Le cher bulletin paroissial est attendu avec impatience chaque semaine, et par votre vicaire , et par vos paroissiens mobilisés à Brest.   Envoyez-le si , c’est possible , dès le samedi soir.  

Votre vicaire reconnaissant et dévoué en N. S.  S. Caille

M. le Curé , Presque tous les jours j’ai la douce satisfaction de pouvoir assister à la messe et d’y communier.   Tous les soirs on peut assister au Salut et le vendredi au Chemin de la Croix.  Au salut, hier soir, notre bon Curé de M..   nous a avertis que le temps des Pâques était ouvert à tous les habitants du canton d’Albert, et aussi à tous les soldats. Quel spectacle nous avons eu en voyant la petite église remplie de soldats à la messe de communion de 6h1/2 et à celle de 8 h. Ensuite j’ai été à la grand’messe qui était chantée par un prêtre-soldat. Pendant la messe nous avons eu un sermon par un aumônier du 123è territorial.  Il nous a dit que ce temps était pour nous comme une grande mission, où l’on se retrempe dans la foi catholique.   Votre tout dévoué.  L. J. 

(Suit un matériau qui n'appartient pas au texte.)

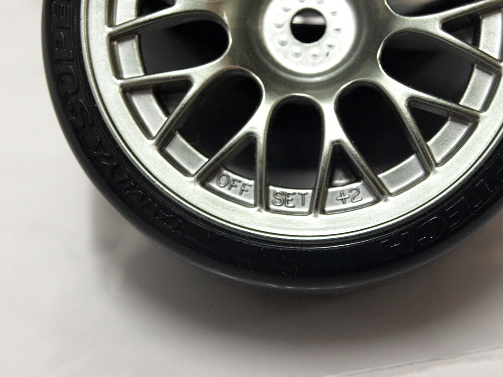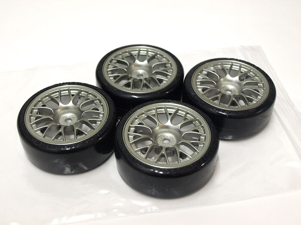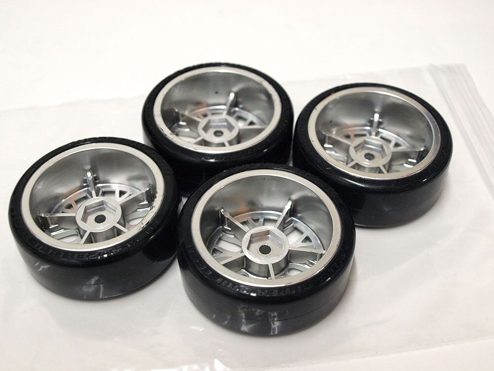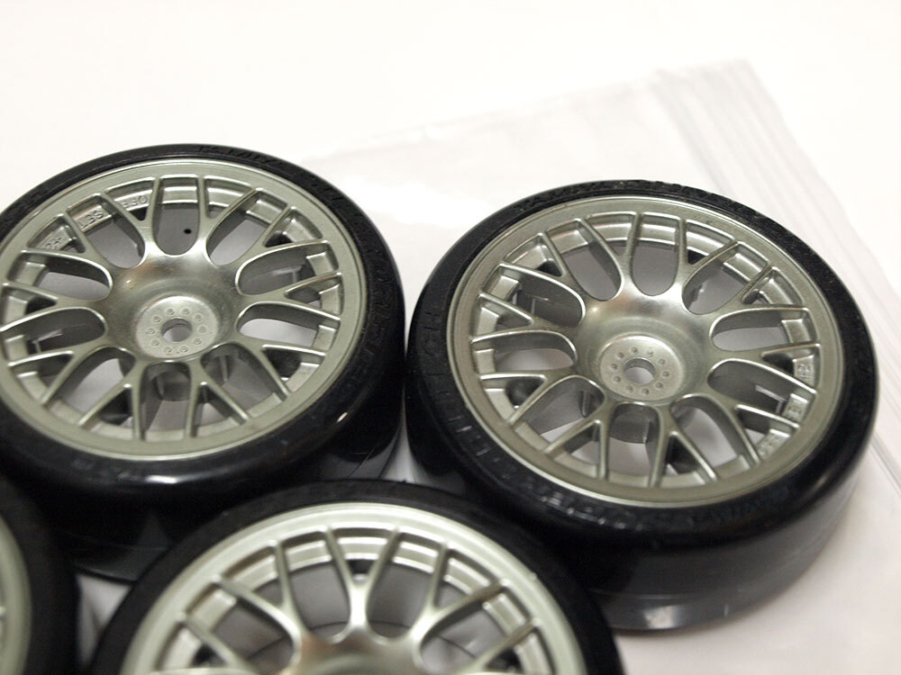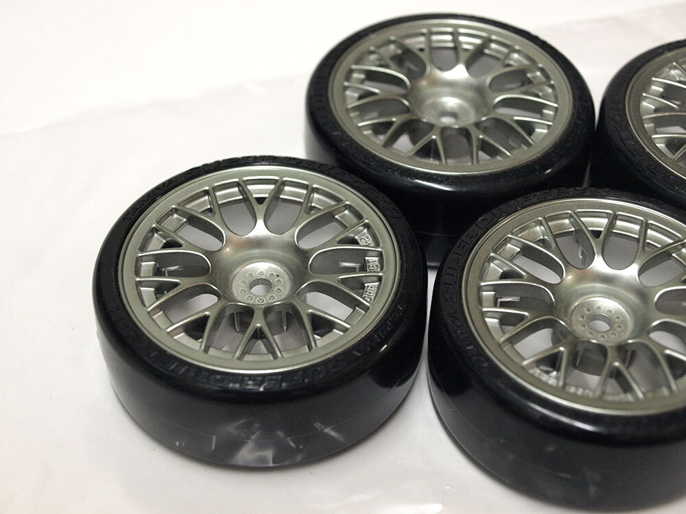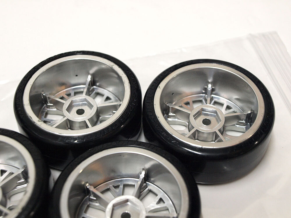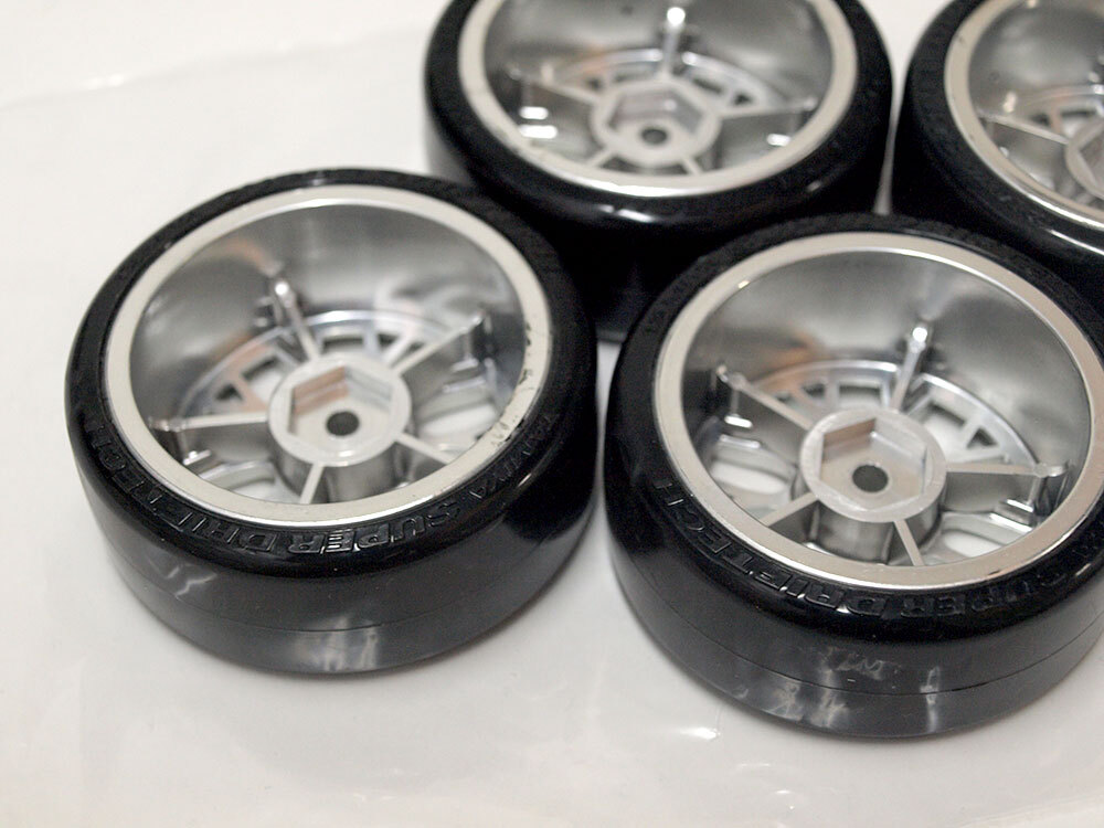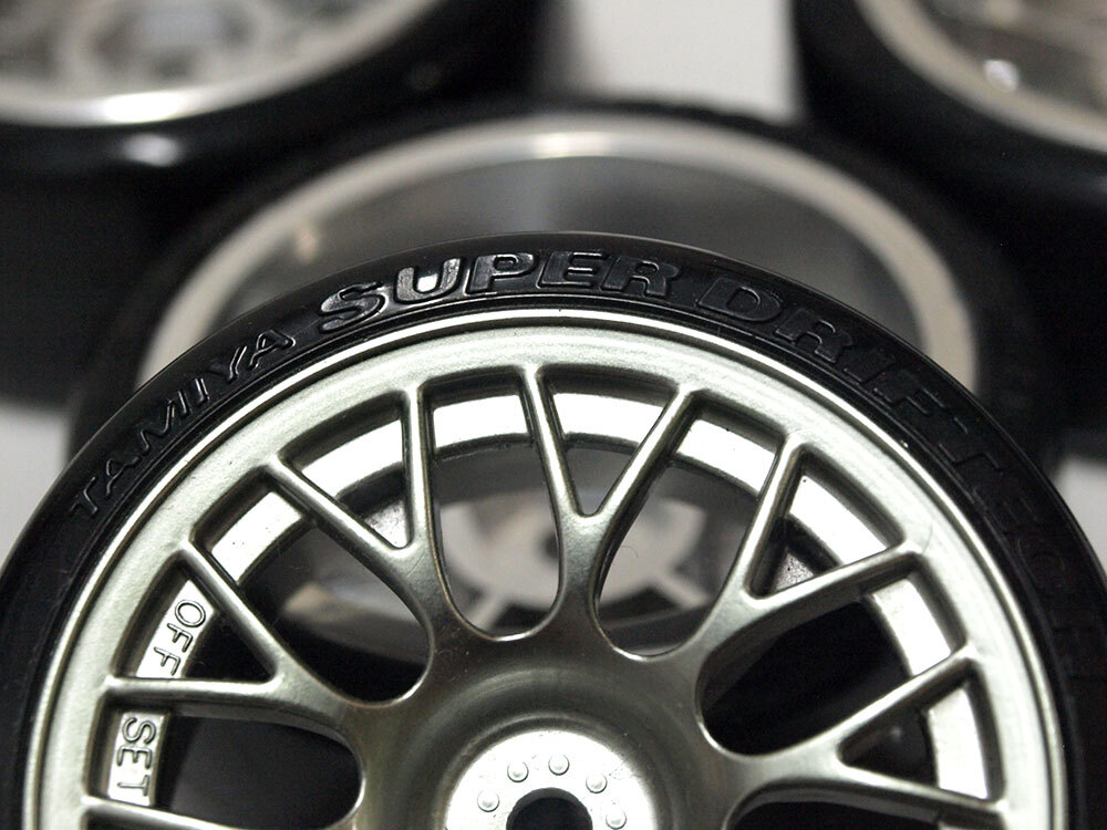 【M1824B】タミヤ ドリフト タイヤ 4個 中古品(ホイール SUPER DRIFTECH DRIFT オフセット+2 メッキ TAMIYA RC ラジコン)
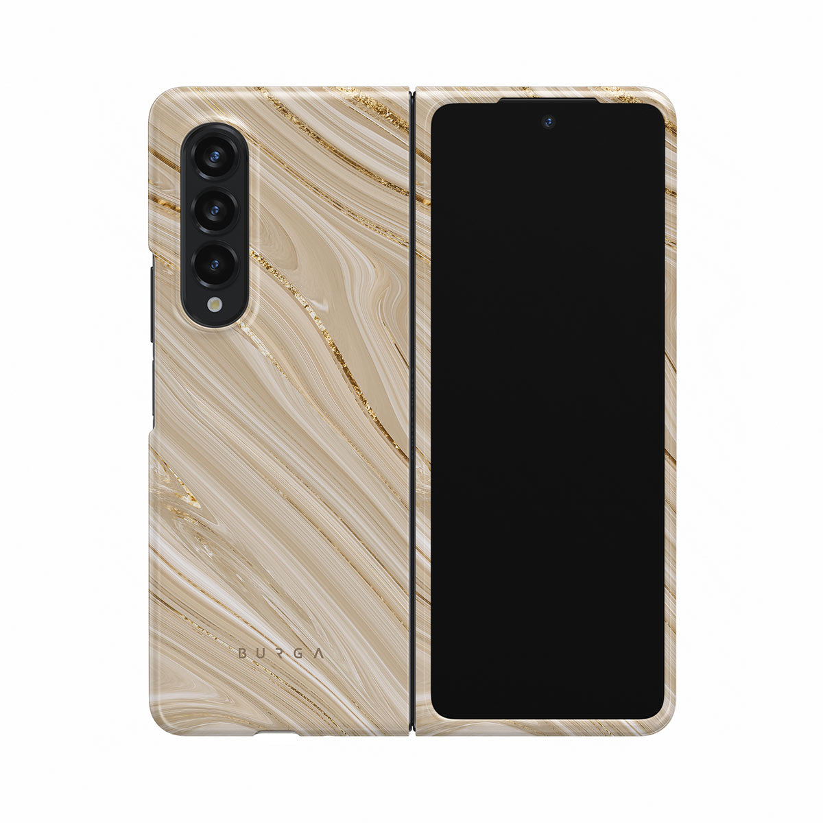 The Full Glam Samsung Galaxy Z Fold 3 phone case exudes elegance and softness in the beige color scheme with golden accents. The delicate design of the phone case will enhance your style and keep your phone safe and sound while doing that.
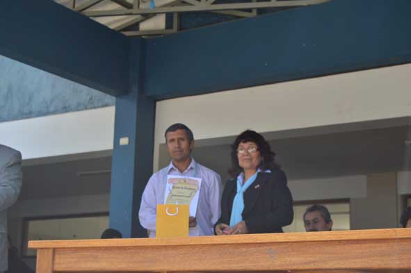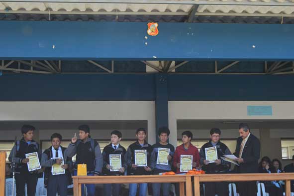 Por razones del excesivo sol que se recibía a esta hora y para proteger la salud de los alumnos se hizo entrega de premios a los alumnos que se destacaron en el presente año n deportes, arte, concursos de matemática, poesía y Líderes del Saber.
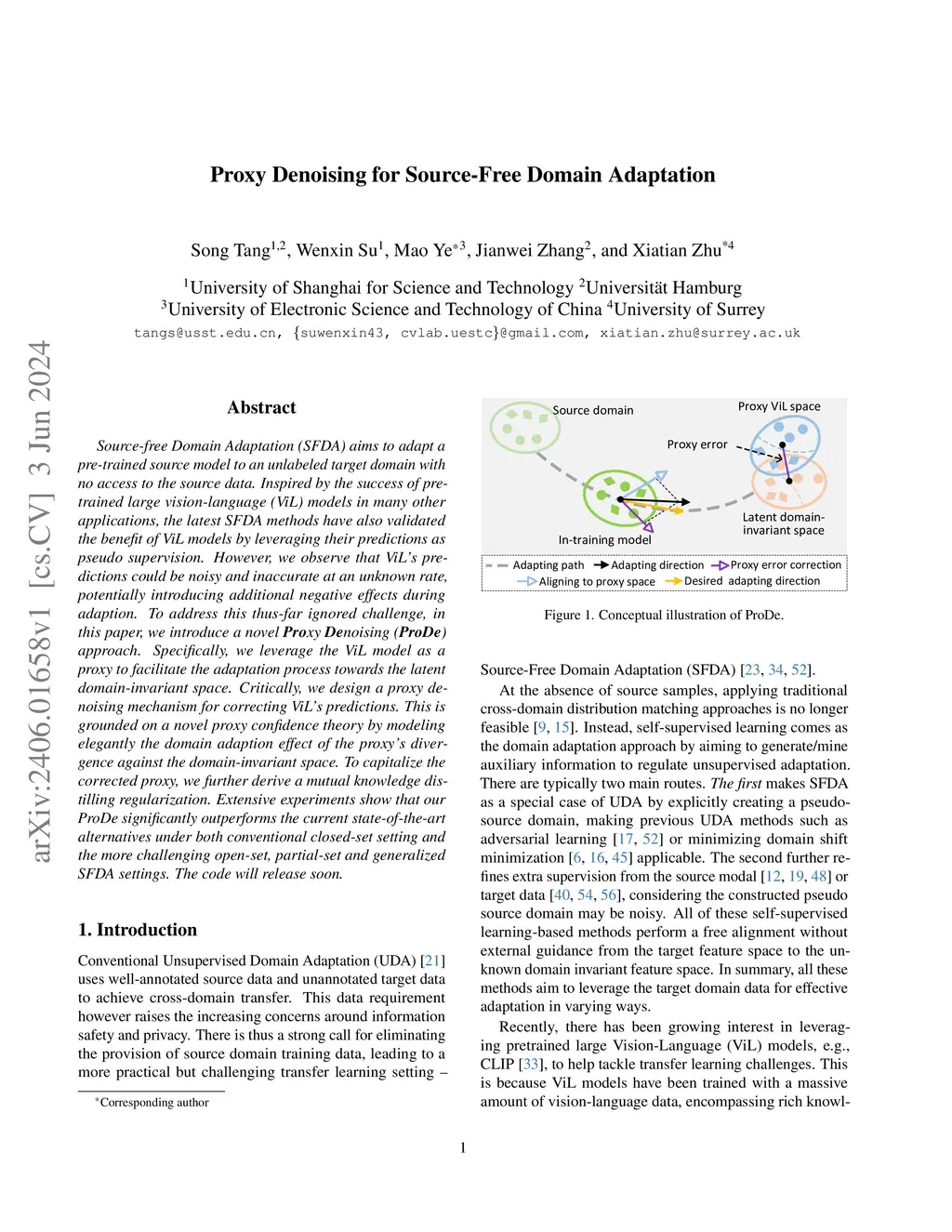 Source-Free Domain Adaptation (SFDA) aims to adapt a pre-trained source model to an unlabeled target domain with no access to the source data. Inspired by the success of large Vision-Language (ViL) models in many applications, the latest research has validated ViL's benefit for SFDA by using their predictions as pseudo supervision. However, we observe that ViL's supervision could be noisy and inaccurate at an unknown rate, introducing additional negative effects during adaption. To address this thus-far ignored challenge, we introduce a novel Proxy Denoising (ProDe) approach. The key idea is to leverage the ViL model as a proxy to facilitate the adaptation process towards the latent domain-invariant space. We design a proxy denoising mechanism to correct ViL's predictions, grounded on a proxy confidence theory that models the dynamic effect of proxy's divergence against the domain-invariant space during adaptation. To capitalize on the corrected proxy, we derive a mutual knowledge distilling regularization. Extensive experiments show that ProDe significantly outperforms current state-of-the-art alternatives under the conventional closed set setting and more challenging open set, partial set, generalized SFDA, multi-target, multi-source, and test-time settings. Our code and data are available atthis https URL.
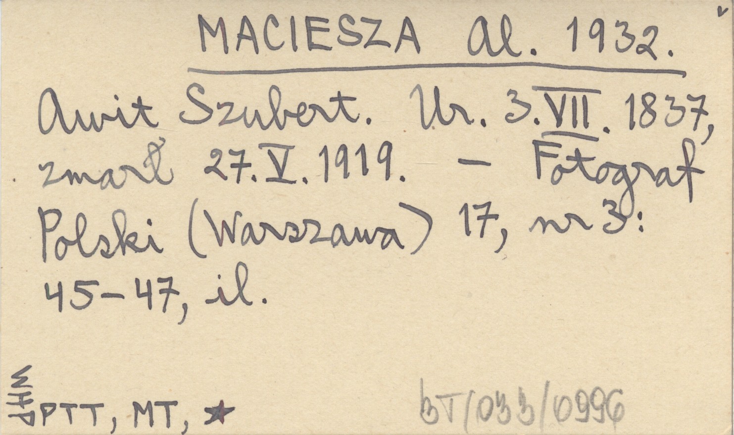 MACIESZA Al. 1932 Awit Szubert. Ur. 3.VII.1837, zmarł 27.V.1919.
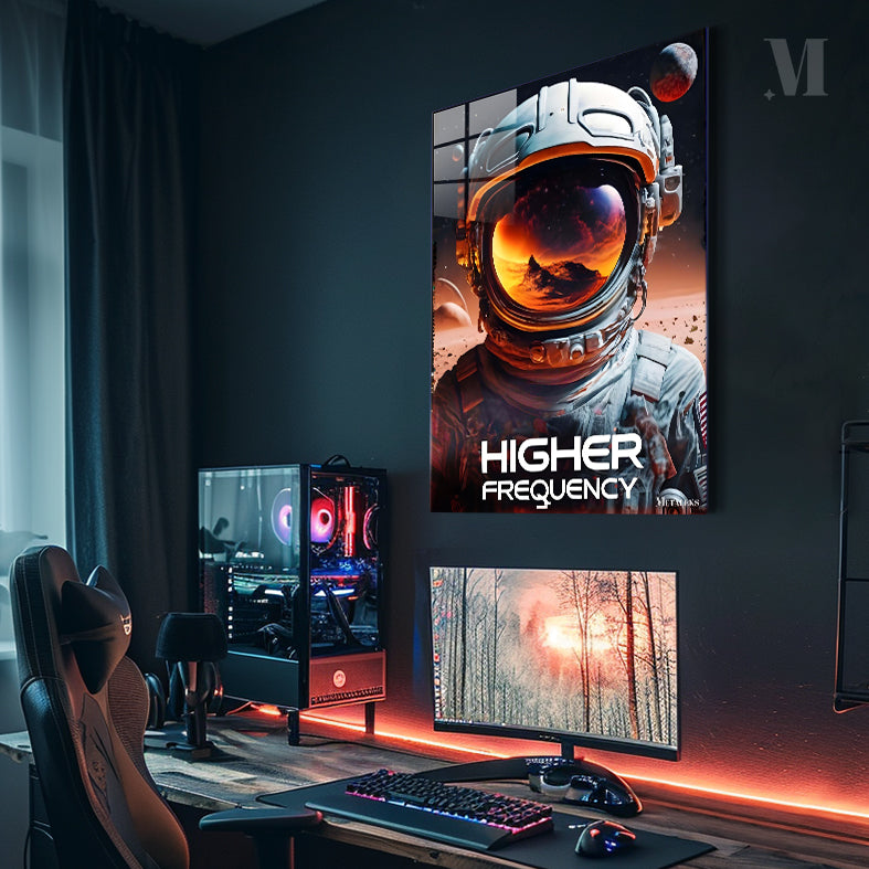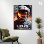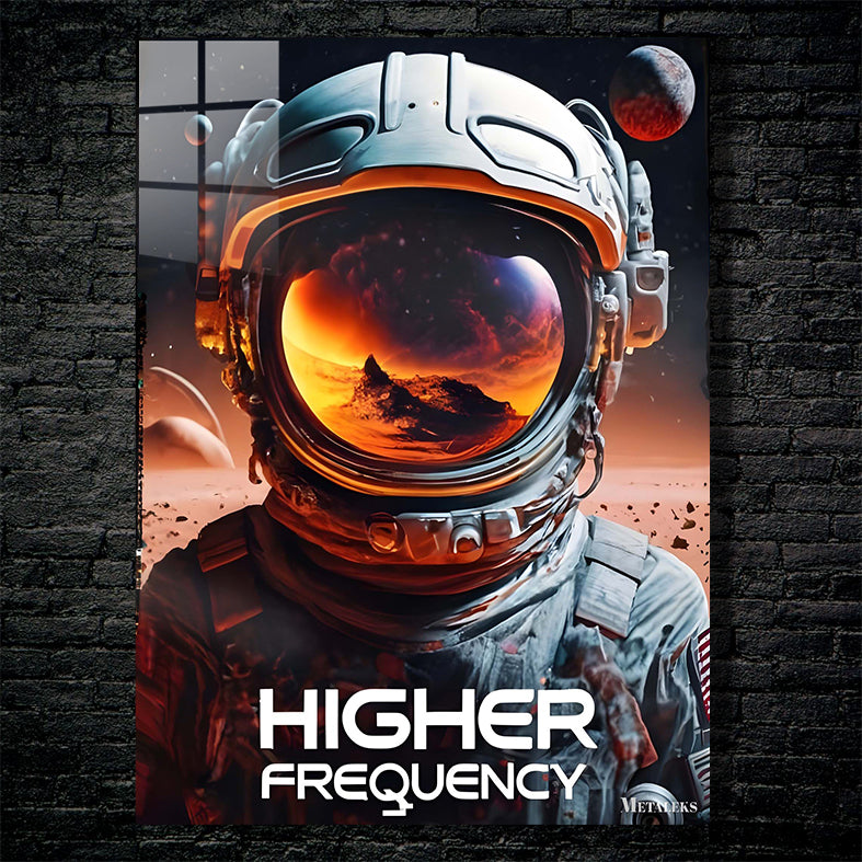 An astronaut’s helmet reflects a colorful, otherworldly landscape. Metaleks Ultra HD Metal Poster – Create Your Passionate Space.
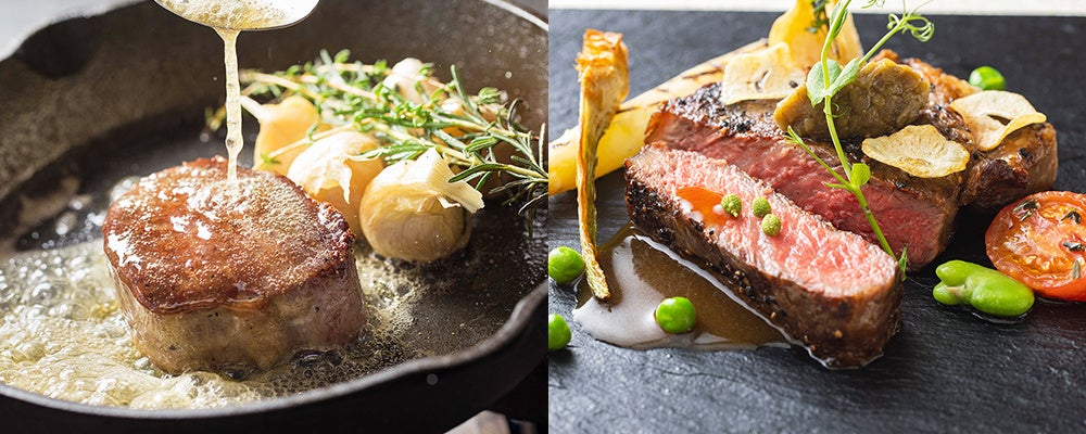 この他、前菜、スープに、スペシャリテ「フォアグラのソテー 大根添え」もラインナップ。夏本番を迎える前のスタミナ補給に、シェフ・田面山がご用意する贅沢なステーキコースをお楽しみください。

Bulletin paroissial du 4 avril 1915 - N° 170

Nos soldats : Lettre de M. Auneau : Faisons un petit tour dans ma nouvelle demeure. Ce n’est pas la caserne, mais bel et bien , un coin du grand Séminaire, pris par le gouvernement.  La cour de notre quartier est excessivement petite.  Dans notre chambre, on y voit deux cheminées. . .  sans feu.   Cependant, pour y entretenir la chaleur au moins pendant la nuit, on nous a ménagé la surprise agréable d’avoir de vastes ouvertures en communication directe avec le dehors. Deux carreaux sont cassés , et sous la porte une ouverture effrayante. Donnant communication avec le corridor, une superbe porte ex-vitrée. En haut, un riche plafond décoré de quelques trous, nous préserve de la pluie. Malgré ces courants d’air multiples, jusqu’ici, je n’ai encore pas enrhumé. - Le couchage est-il bon, est-il mauvais? Oui et non. D’abord notre sommier métallique se compose de cinq planchettes clouées sur trois traverses servant d’isolateur ; puis une paillasse pas trop épaisse, sans doute pour avoir moins de peine à la brasser: ensuite, un traversin en plume.. .  de paille: le tout recouvert d’un blanc sale.  Comme drap notre culotte.  Avec cela on dort comme des bienheureux ; et si le matin on a un peu mal aux reins , on finit par s’habituer. 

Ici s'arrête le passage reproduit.